- **Task item**
A faithful, word-for-word copy of the records is required, and it must contain no pictures.
____
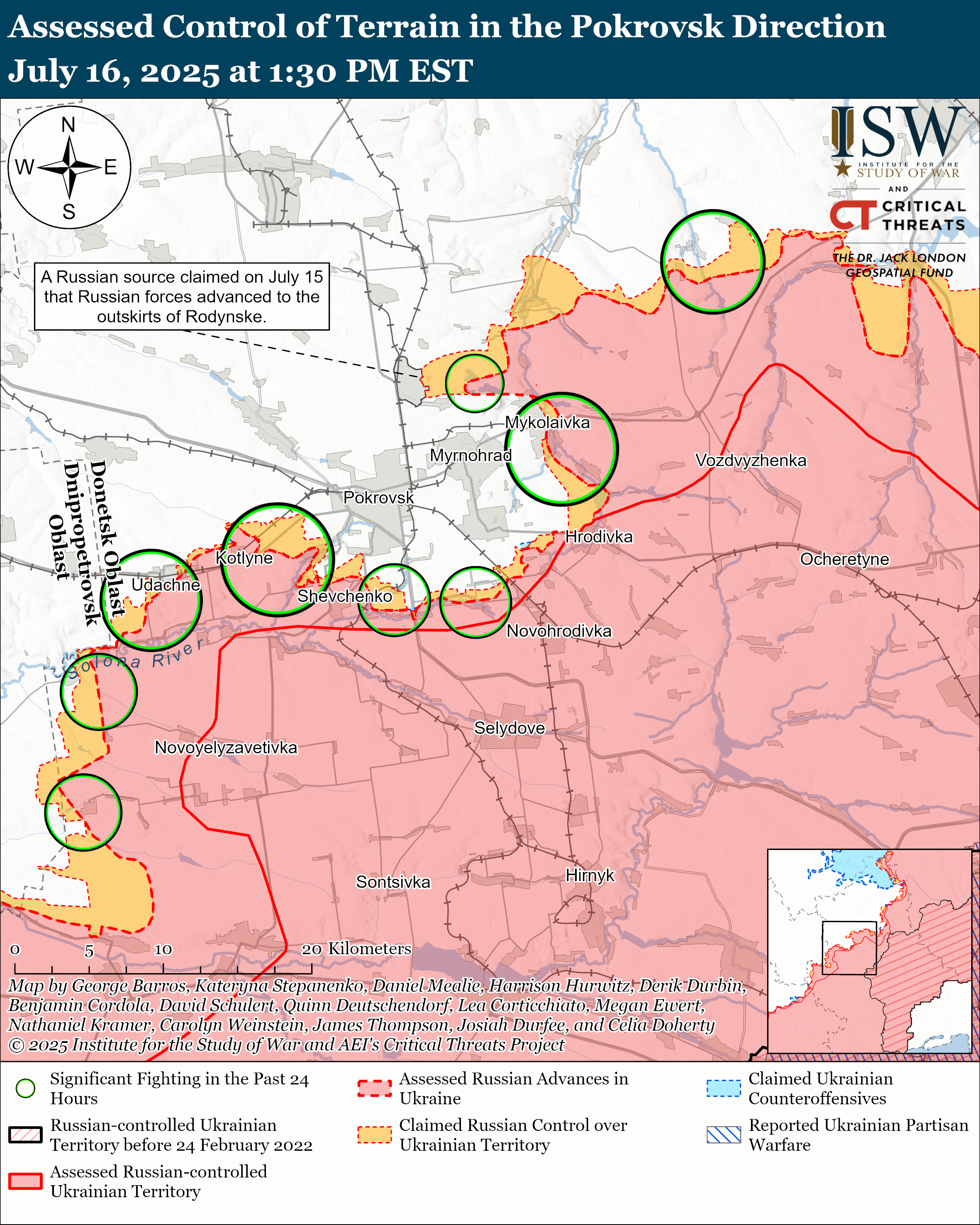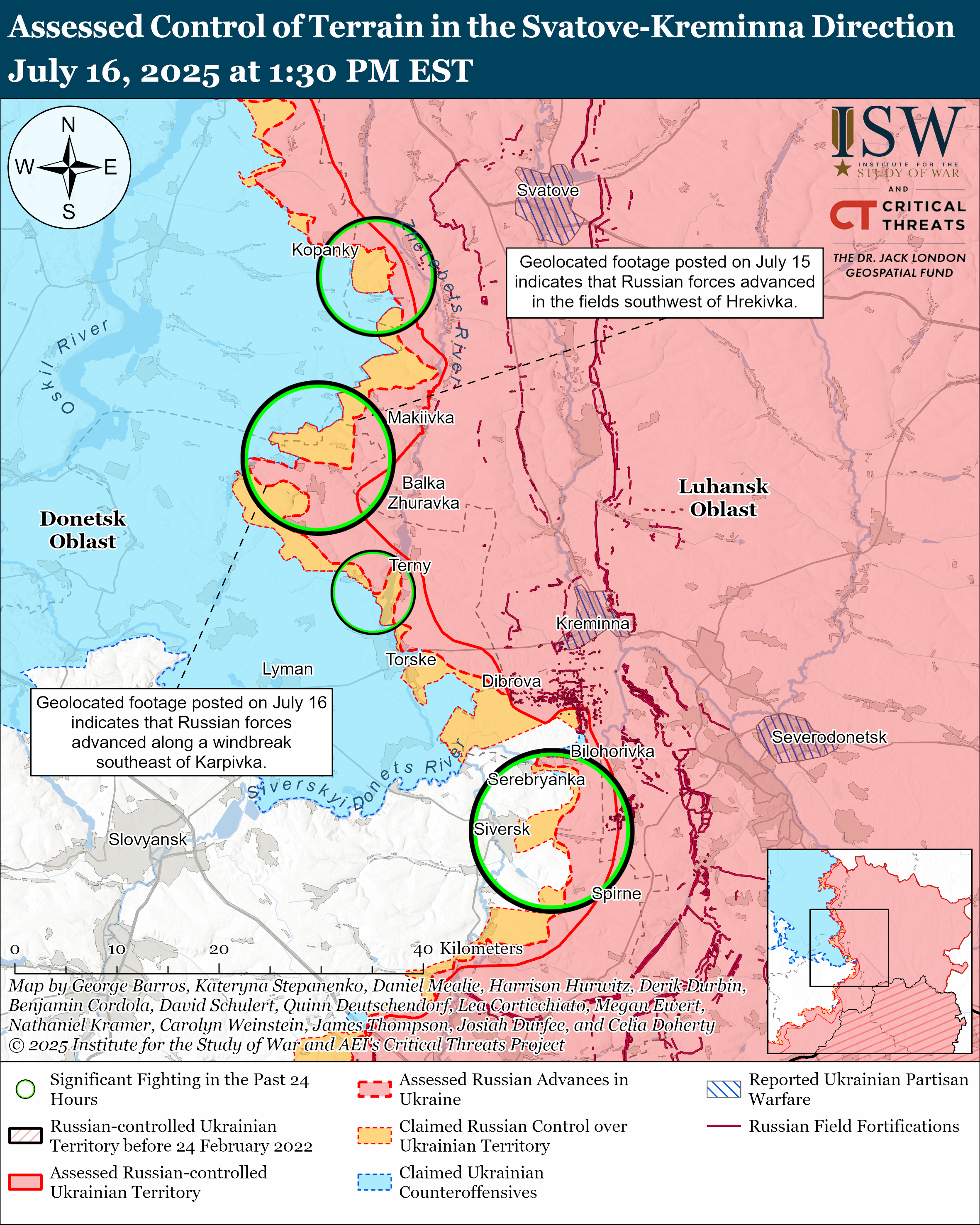 - Росіяни також мали успіхи на Лиманському напрямку. Геолокаційні кадри, опубліковані 16 липня, свідчать, що російські війська нещодавно просунулися на південний схід від Карпівки.
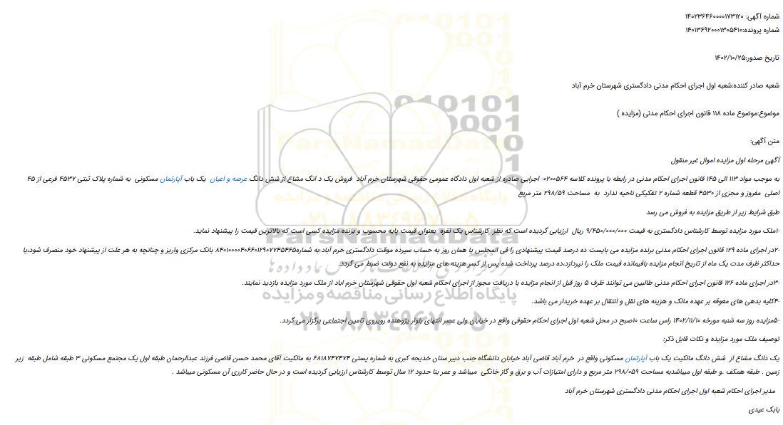 به موجب مواد 113 الی 145 قانون اجرای احکام مدنی در رابطه با پرونده کلاسه 0200564- اجرایی صادره از شعبه اول دادگاه عمومی حقوقی شهرستان خرم آباد  فروش یک د انگ مشاع از شش دانگ عرصه و اعیان  یک باب آپارتمان مسکونی  به شماره پلاک ثبتی 4537 فرعی از 45  اصلی  مفروز و مجزی از 4530 قطعه شماره 2 تفکیکی ناحیه ندارد  به  مساحت 298/59 متر مربع
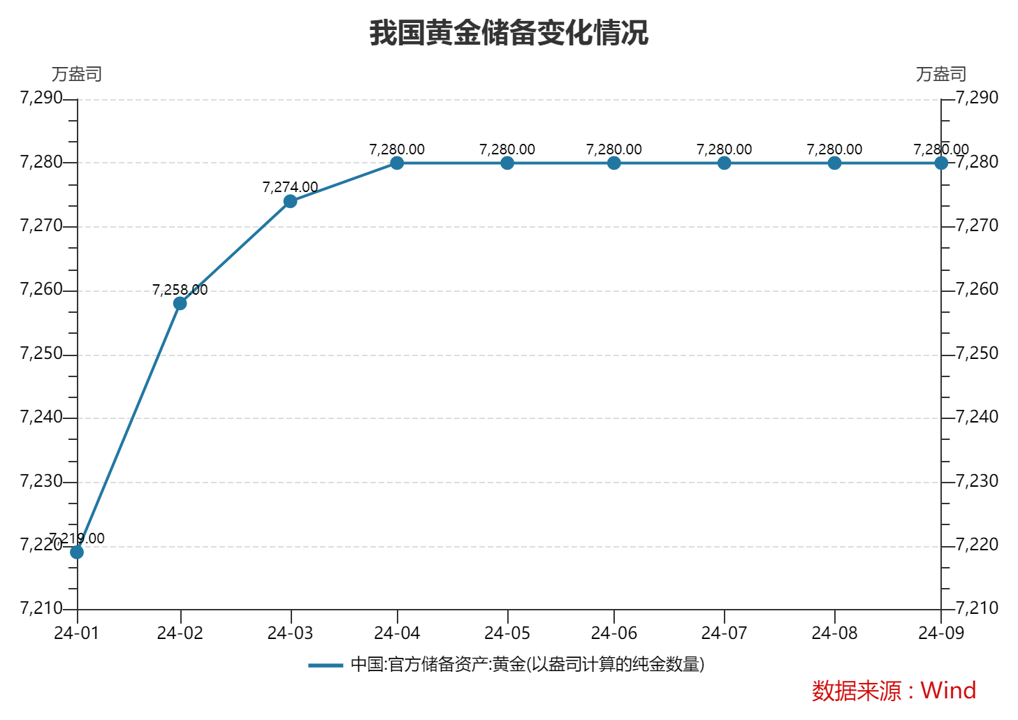 黄金储备方面,9月末,官方黄金储备为7280万盎司,已是连续第5个月维持不变。
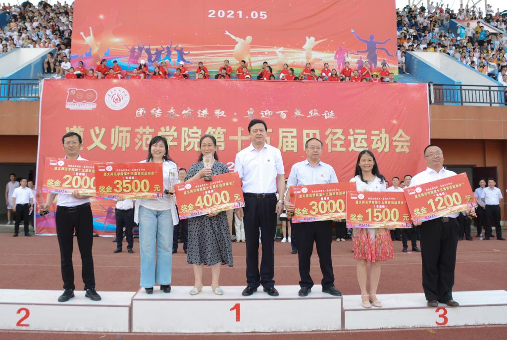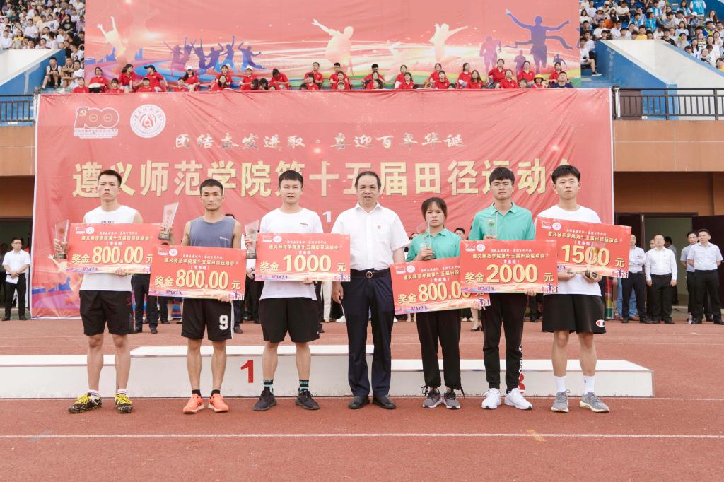 刘肇军宣布获体育道德风尚奖和破学校田径纪录名单,总裁判长赵军宣布专业组和普通组团体总分名次,在场领导为获奖集体和个人颁奖。
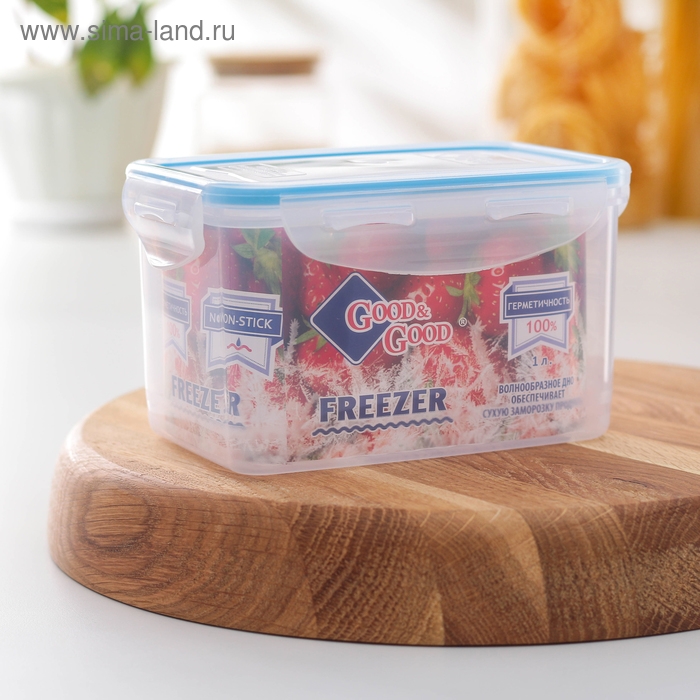 Контейнер пищевой Good & Good, 1 л, с герметичной крышкой, пластик, крышка голубая
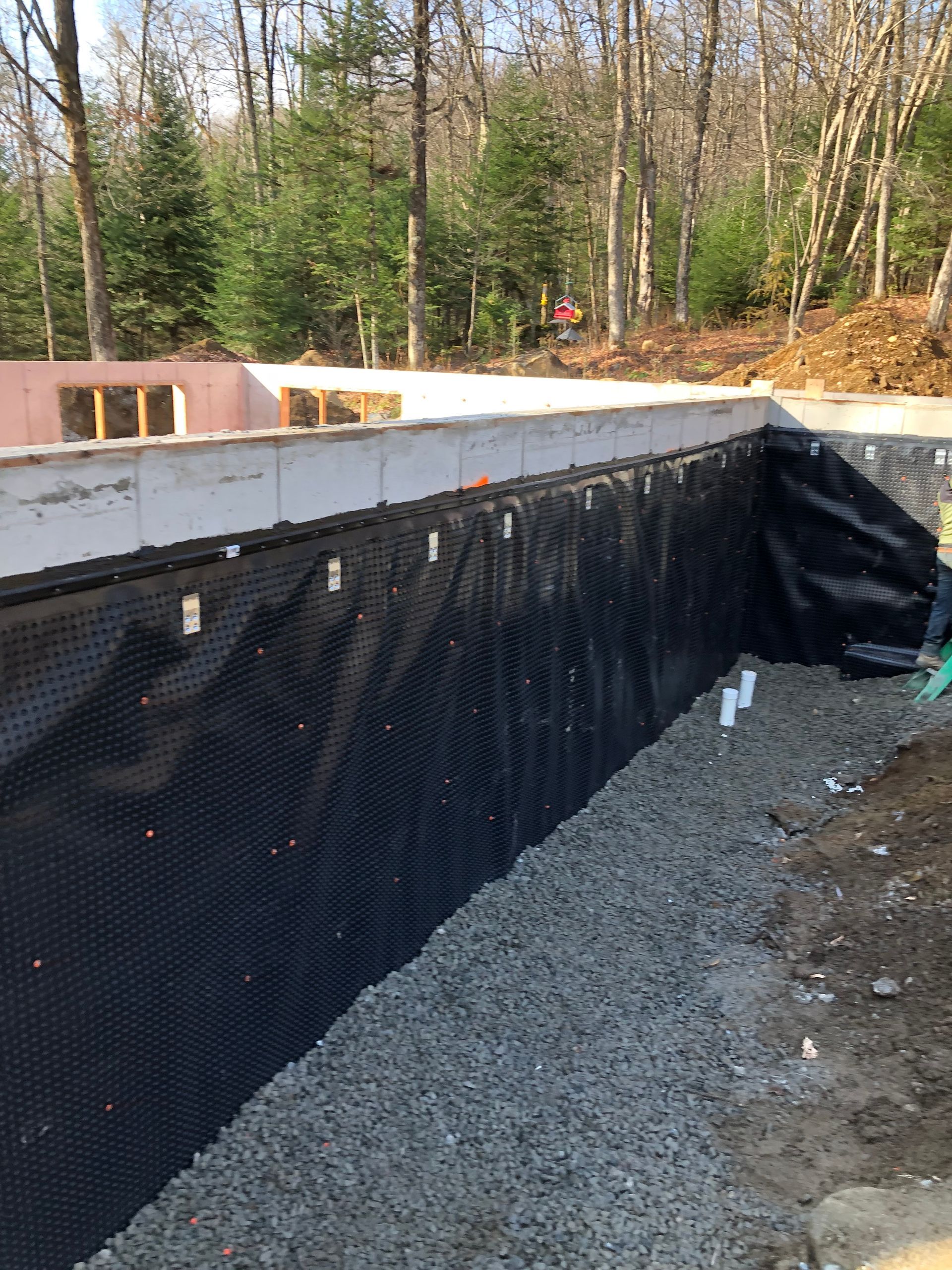 Ajout d’une membrane de protection sur les fondations afin de prévenir toute infiltration d’eau et prolonger la durée de vie de la structure.
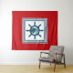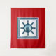 Design à thème nautique avec décoration de scène de voile en carrés rayés sur arrière - plan rouge
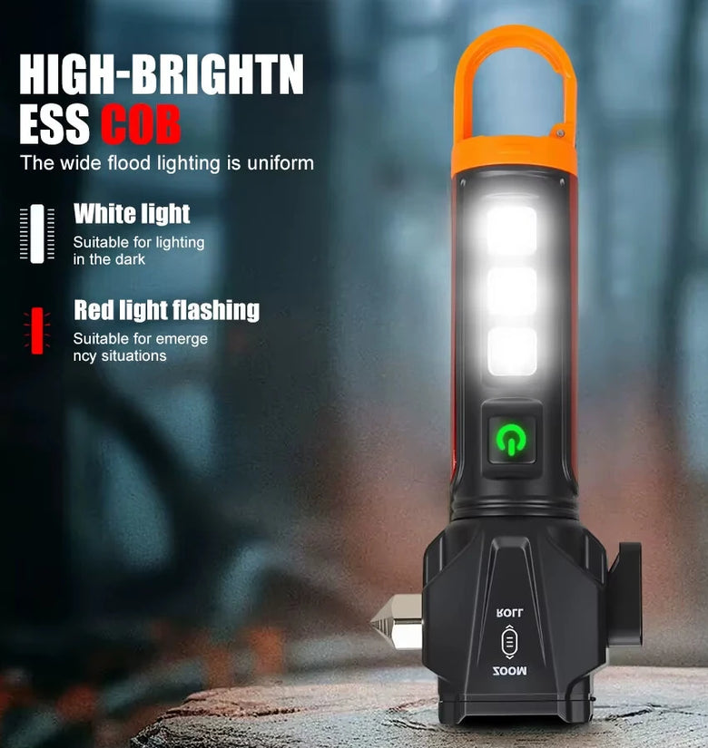 5. Portable Design: Features a tail-end hook for hands-free operation during repairs, camping, or emergencies.
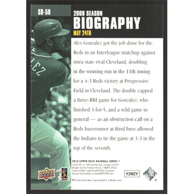 This is a 2010 Upper Deck Season Biography Alex Gonzalez baseball card. The card is #SB-58 and pictures show condition.
____
- **Output for this task**
 - Росіяни також мали успіхи на Лиманському напрямку. Геолокаційні кадри, опубліковані 16 липня, свідчать, що російські війська нещодавно просунулися на південний схід від Карпівки.
 به موجب مواد 113 الی 145 قانون اجرای احکام مدنی در رابطه با پرونده کلاسه 0200564- اجرایی صادره از شعبه اول دادگاه عمومی حقوقی شهرستان خرم آباد  فروش یک د انگ مشاع از شش دانگ عرصه و اعیان  یک باب آپارتمان مسکونی  به شماره پلاک ثبتی 4537 فرعی از 45  اصلی  مفروز و مجزی از 4530 قطعه شماره 2 تفکیکی ناحیه ندارد  به  مساحت 298/59 متر مربع
 黄金储备方面,9月末,官方黄金储备为7280万盎司,已是连续第5个月维持不变。
 刘肇军宣布获体育道德风尚奖和破学校田径纪录名单,总裁判长赵军宣布专业组和普通组团体总分名次,在场领导为获奖集体和个人颁奖。
 Контейнер пищевой Good & Good, 1 л, с герметичной крышкой, пластик, крышка голубая
 Ajout d’une membrane de protection sur les fondations afin de prévenir toute infiltration d’eau et prolonger la durée de vie de la structure.
 Design à thème nautique avec décoration de scène de voile en carrés rayés sur arrière - plan rouge
 5. Portable Design: Features a tail-end hook for hands-free operation during repairs, camping, or emergencies.
 This is a 2010 Upper Deck Season Biography Alex Gonzalez baseball card. The card is #SB-58 and pictures show condition.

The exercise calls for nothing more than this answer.